A review by paulabrandon
The Killing Room by Richard Montanari

3.0

Kevin Byrne and Jessica Balzano must track a serial killer who is staging their crime scenes in abandoned churches in Philadelphia. The book's blurb on the back gives away the details of most of the killings! Meanwhile, Kevin has joined a program to act a "big brother" type to underprivileged boy Gabriel Hightower.

I have always been a long fan of the serial killer thriller, really getting into the genre when I started reading Tess Gerritsen and Karin Slaughter. However, as time has worn on, many of them stopped becoming serial killer thrillers, and instead dry, boring police procedurals. Particularly the British ones! They were all the same! However, American offerings seemed to avoid the usual Britsh tropes: characters only existing to discover a dead body, a lead detective with a haunted past, a subordinate or a boss trying to undermine, and a pesky journalist seeking either fame or obsessively trying to crucify the lead detective in the media.

Unfortunately, The Killing Room decided to go with the pesky journalist subplot BIG TIME. A lot of plot space is wasted on Shane Adams, who is following Kevin Byrne around, and attempts to shame him on the news. And, ultimately, this plot doesn't go anywhere. By the end of the book, I couldn't figure out what Shane was doing in the story. He does not serve any purpose! HE DOES NOT NEED TO BE THERE!

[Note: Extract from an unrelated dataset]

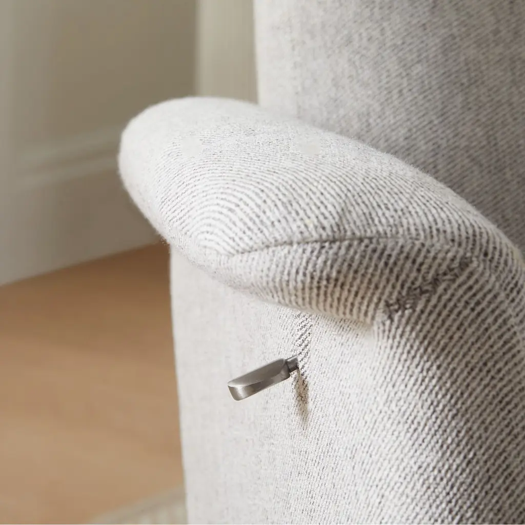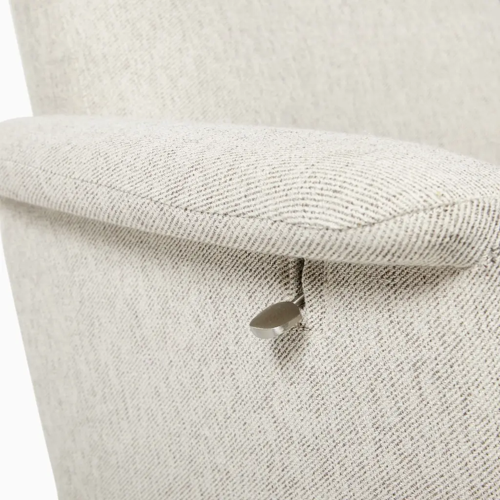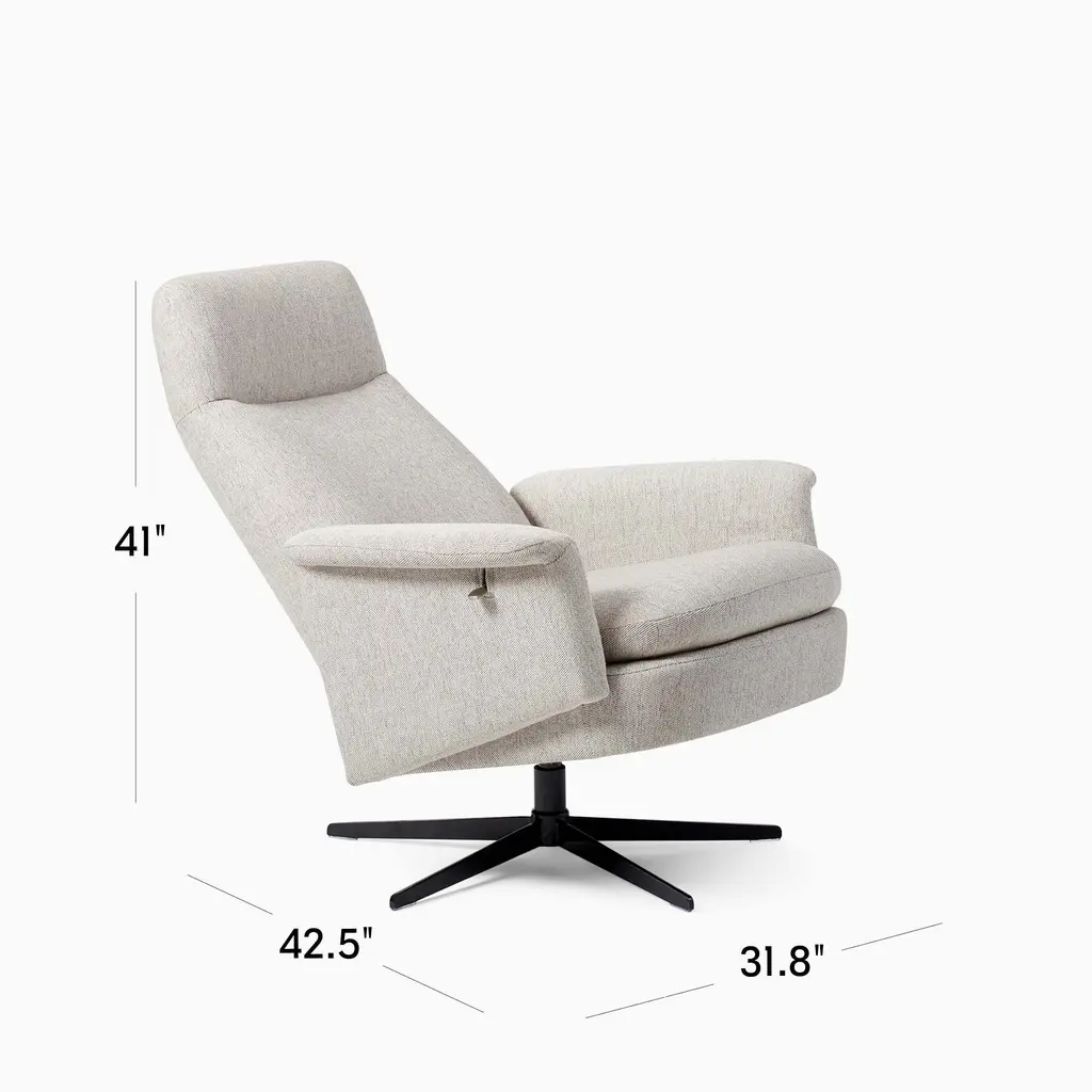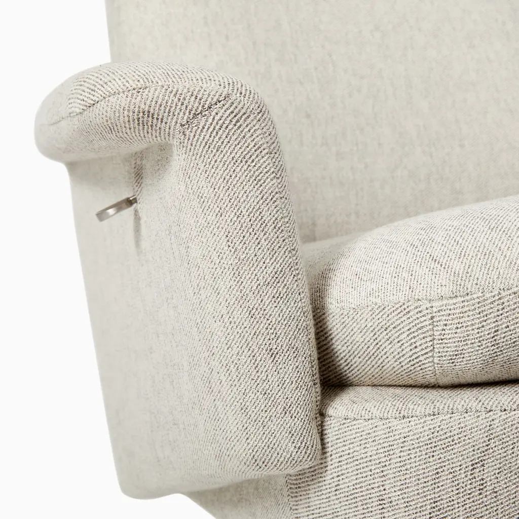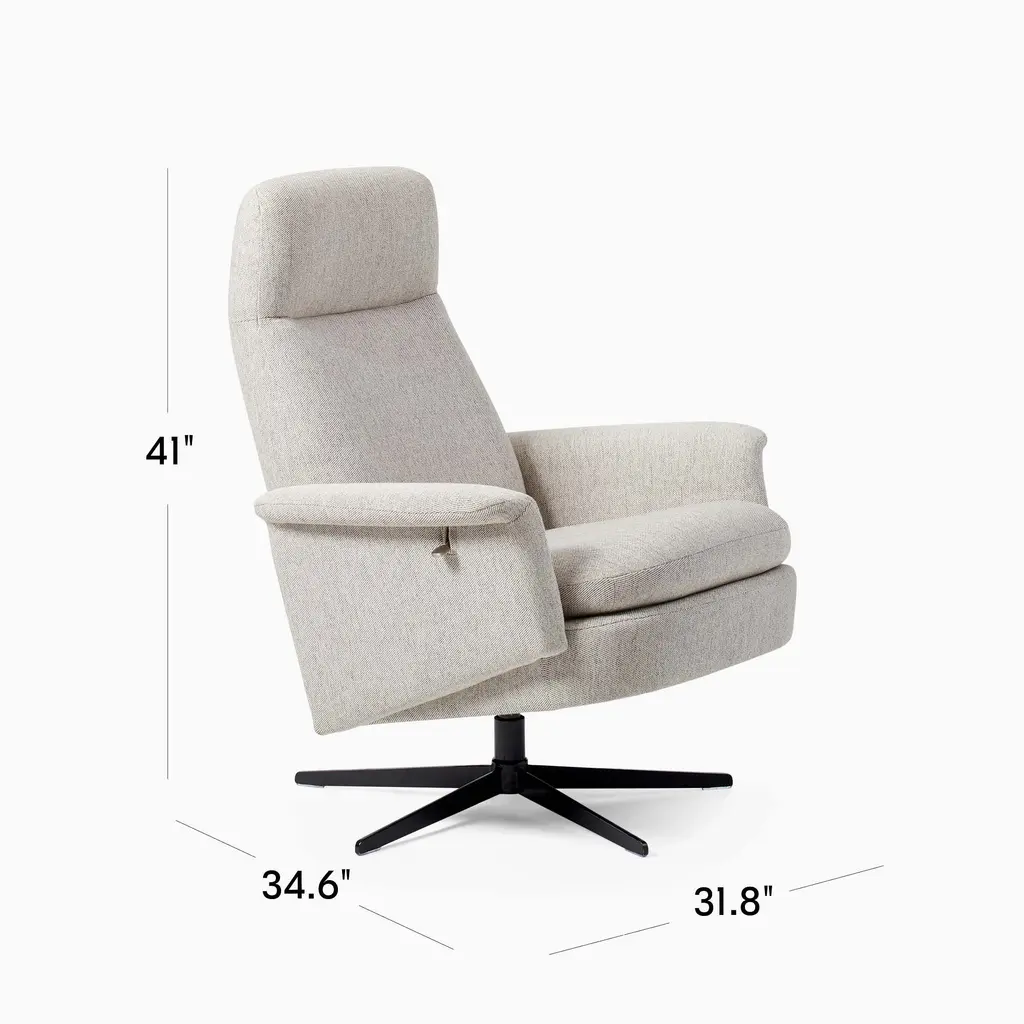This contemporary chair lets you recline in comfort. Slightly flared arms add a unique design detail. It has a sleek metal swivel base for easy turning. Contract Grade for unmatched durability.

I hate the pesky journalist trope. Hate it, hate it, hate it. When it kept cropping up here, I abandoned the book for several days at a time. I was just NOT interested. And persisting with it didn't even pay off. Shane served no purpose to the plot at all.

This is 2.5 rounded up to 3. It's a credit to the book that it still reads well, and the plot is constructed very cleverly. Aside from bloody Shane Adams, several subplots tie into the main action in surprising and suspenseful ways. The killer has an interesting backstory (although the religious mania angle is getting a bit old, and had already been explored in The Rosary Girls, the first book in this series.) Kevin Byrne and Jessica Balzano are smart, likeable protagonists that don't come with the ridiculous backstories that British crime novel protagonists seem to.

If only all of that stupid pesky journalist subplot rubbish had been excised from this, The Killing Room could have been an above average, memorable serial killer thriller.